◆ Exercise details ◆
Begin at the line below that holds "También se puede" and end at the line that holds "今天下午,定融法師及輔導團團", transcribing each line exactly and skipping any picture.

=== Begin Enclosure ===

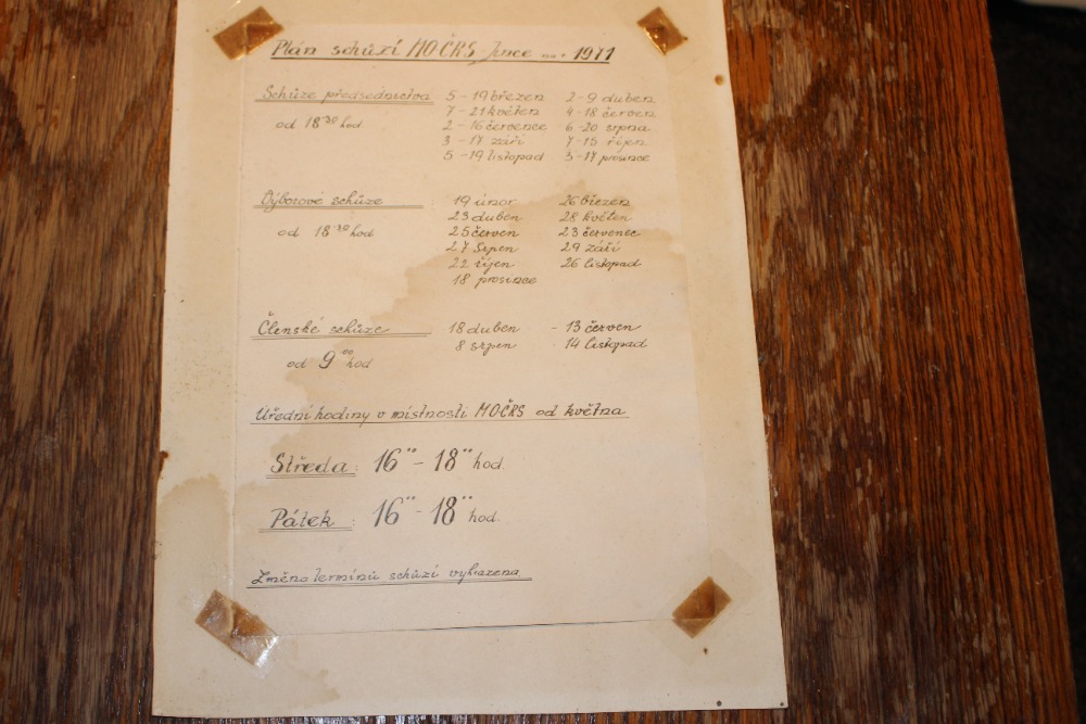 Jsem velice rád, že při třídění materiálu jsem našel písemnost „Plán schůzí MO ČRS Jince na r. 1971“. Naši starší členové si určitě pamatují, jak jsme na domečku dělali výborové schůze, posezení a v kuchyni se i vařilo. Venku se také udily ryby. Toto všechno už je minulostí.
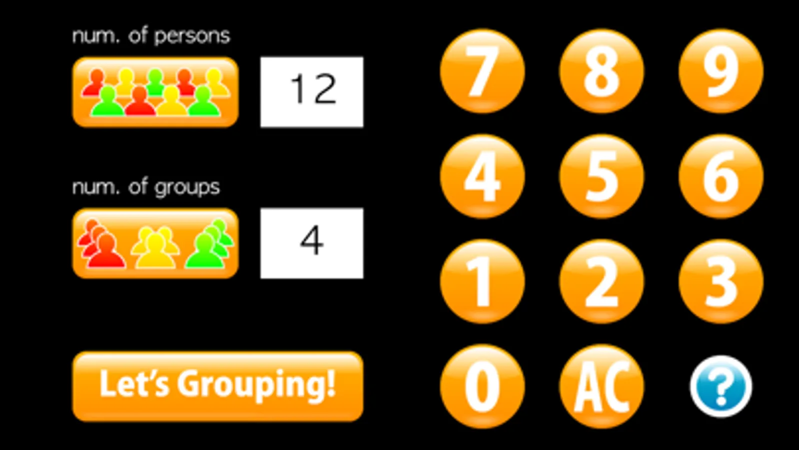 Grouping Now is an application program that divides from 2 to 100 members into two or more groups at random.
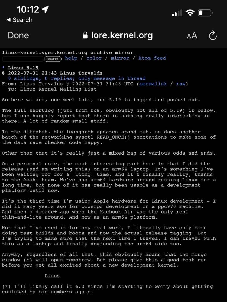 Linux 5.19 正式发布,而「Linux 之父」Linus Torvalds 以Linux Kernel Mailing List 分享一些趣事,那就他的Linux 5.19 开发工作是使用arm64 手提电脑完成。
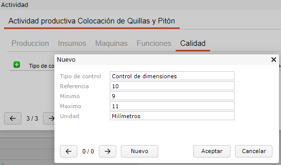 También se puede indicar un control de calidad en caso de ser necesario, se configura de la siguiente manera:
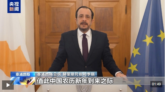塞浦路斯总统 赫里斯托祖利季斯:值此中国农历新年到来之际,我谨代表塞浦路斯共和国政府和人民,向中华人民共和国及其人民致以最热烈的节日问候。祝你们身体健康、繁荣昌盛、不断进步。
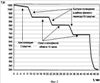 Из диаграммы, изображенной на фиг.1, следует, что в бинарном соединении, например CdTe, при переходе первого рода в случае медленного охлаждения происходит изменение составов фаз вдоль линий солидус, ограничивающих двухфазные области (области (I+II), (II+III), фиг.1). При быстром охлаждении кристалла в области температур фазового перехода, состав низкотемпературной фазы не успевает измениться и фазовый переход протекает, как в однокомпонентной системе, т.е. без изменения состава кристалла или, как квазиунарный переход [3]. Такой процесс протекает через промежуточные состояния очень высокого разупорядочения, сопровождающегося, например, переходами атомов Cd и Те в междоузлия, которые могут быть частично заморожены. Отсюда вытекает необходимость приведения кристалла в равновесное состояние путем его выдержки в течение достаточно длительного времени при температуре, которая соответствует его монофазному состоянию и находится ниже температуры фазового перехода. Для реализации изложенных положений процесс формирования электрофизических и структурных параметров кристалла необходимо вести ступенчатым образом, чередуя процессы быстрого охлаждения периодами выдержки кристалла в течение определенного периода времени, как показано на фиг.2.
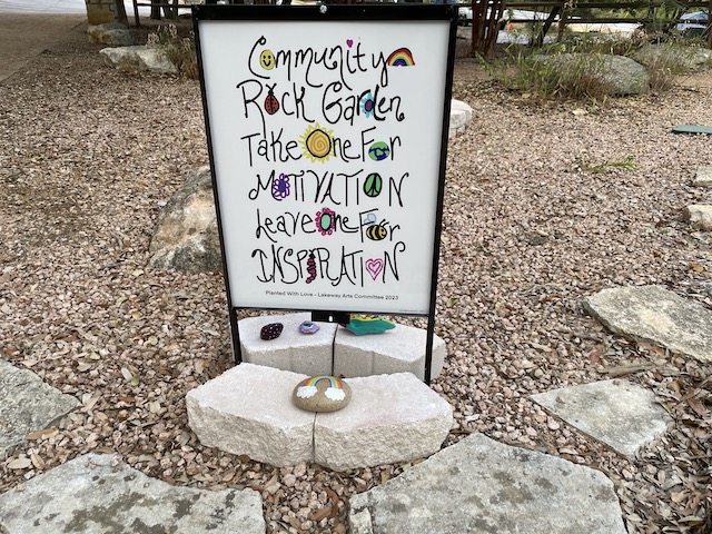 Today, we will go to the Greenbelt to look at a newly installed feature, which is inspirational rocks. We are also going to the Activity Center to see some kids creating rocks. We are being catered by L’oca D’oro of Austin. Our entertainment is Simon and Garfunkel.
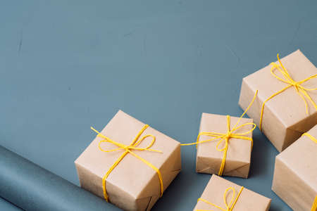 presents wrapping and packaging. holiday traditions and handcraft. gift boxes in craft paper and tied with yellow twine on blue background.
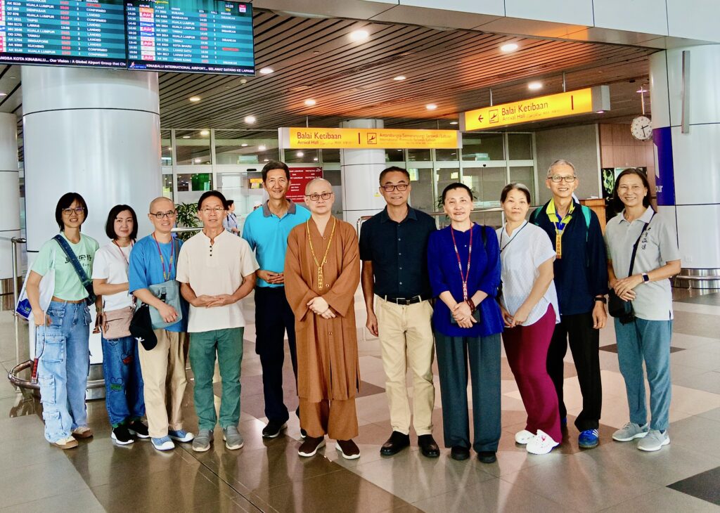 今天下午,定融法師及輔導團團友們抵達亞庇,寂因居士(護法會會長-圖右五)、正忠居士(護法會署理會長-圖左四)、靜雅居士(教育部部長-圖右一)、靜宇居士(文宣組組長-圖左一)及國輝居士(圖左五)前往亞庇機場迎接來自新加坡的法師佛友們。
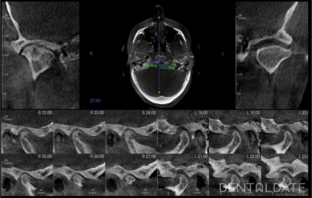 Diagnostic examinations, including MRI and CT scans, confirmed the presence of osteoarthritis in the right TMJ. To further assess the condition of the joint, condylography was performed. Based on the findings, a decision was made to perform decompression of the right TMJ using a custom-made therapeutic splint.

=== End Enclosure ===

◆ Exercise result ◆
 También se puede indicar un control de calidad en caso de ser necesario, se configura de la siguiente manera:
塞浦路斯总统 赫里斯托祖利季斯:值此中国农历新年到来之际,我谨代表塞浦路斯共和国政府和人民,向中华人民共和国及其人民致以最热烈的节日问候。祝你们身体健康、繁荣昌盛、不断进步。
 Из диаграммы, изображенной на фиг.1, следует, что в бинарном соединении, например CdTe, при переходе первого рода в случае медленного охлаждения происходит изменение составов фаз вдоль линий солидус, ограничивающих двухфазные области (области (I+II), (II+III), фиг.1). При быстром охлаждении кристалла в области температур фазового перехода, состав низкотемпературной фазы не успевает измениться и фазовый переход протекает, как в однокомпонентной системе, т.е. без изменения состава кристалла или, как квазиунарный переход [3]. Такой процесс протекает через промежуточные состояния очень высокого разупорядочения, сопровождающегося, например, переходами атомов Cd и Те в междоузлия, которые могут быть частично заморожены. Отсюда вытекает необходимость приведения кристалла в равновесное состояние путем его выдержки в течение достаточно длительного времени при температуре, которая соответствует его монофазному состоянию и находится ниже температуры фазового перехода. Для реализации изложенных положений процесс формирования электрофизических и структурных параметров кристалла необходимо вести ступенчатым образом, чередуя процессы быстрого охлаждения периодами выдержки кристалла в течение определенного периода времени, как показано на фиг.2.
 Today, we will go to the Greenbelt to look at a newly installed feature, which is inspirational rocks. We are also going to the Activity Center to see some kids creating rocks. We are being catered by L’oca D’oro of Austin. Our entertainment is Simon and Garfunkel.
 presents wrapping and packaging. holiday traditions and handcraft. gift boxes in craft paper and tied with yellow twine on blue background.
 今天下午,定融法師及輔導團團友們抵達亞庇,寂因居士(護法會會長-圖右五)、正忠居士(護法會署理會長-圖左四)、靜雅居士(教育部部長-圖右一)、靜宇居士(文宣組組長-圖左一)及國輝居士(圖左五)前往亞庇機場迎接來自新加坡的法師佛友們。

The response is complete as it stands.